HOW TO COMPLETE THIS TASK:
Below is a listing; transcribe it exactly but without any images.

COLLECTED MATERIAL:
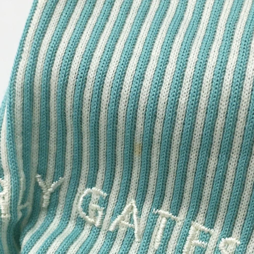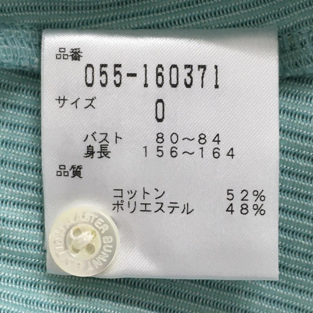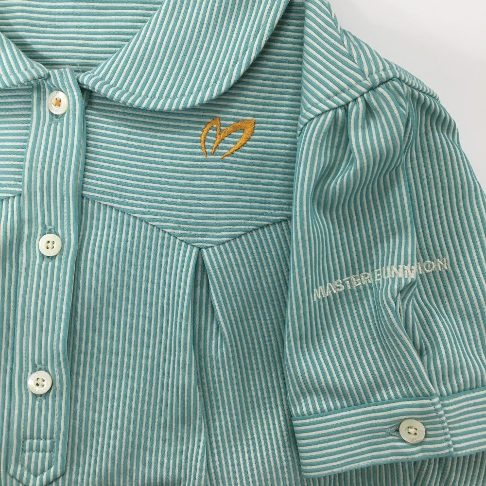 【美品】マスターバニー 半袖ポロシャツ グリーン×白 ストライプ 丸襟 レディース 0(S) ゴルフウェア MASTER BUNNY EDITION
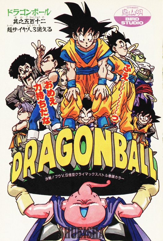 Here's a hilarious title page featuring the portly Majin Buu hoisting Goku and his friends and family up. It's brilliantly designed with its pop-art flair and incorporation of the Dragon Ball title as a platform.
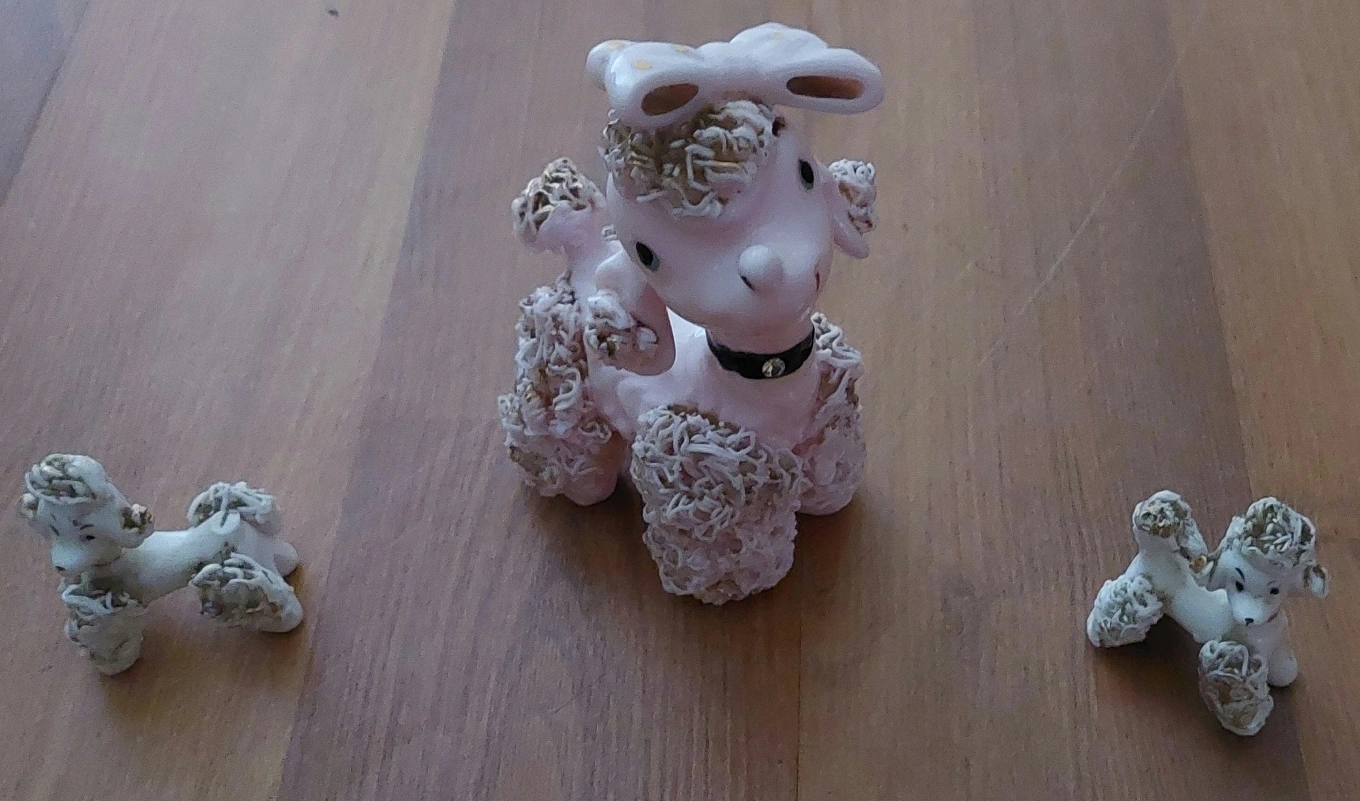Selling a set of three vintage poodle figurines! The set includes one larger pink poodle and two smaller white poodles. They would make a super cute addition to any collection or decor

SOLVED EXERCISE:
 【美品】マスターバニー 半袖ポロシャツ グリーン×白 ストライプ 丸襟 レディース 0(S) ゴルフウェア MASTER BUNNY EDITION
 Here's a hilarious title page featuring the portly Majin Buu hoisting Goku and his friends and family up. It's brilliantly designed with its pop-art flair and incorporation of the Dragon Ball title as a platform.
Selling a set of three vintage poodle figurines! The set includes one larger pink poodle and two smaller white poodles. They would make a super cute addition to any collection or decor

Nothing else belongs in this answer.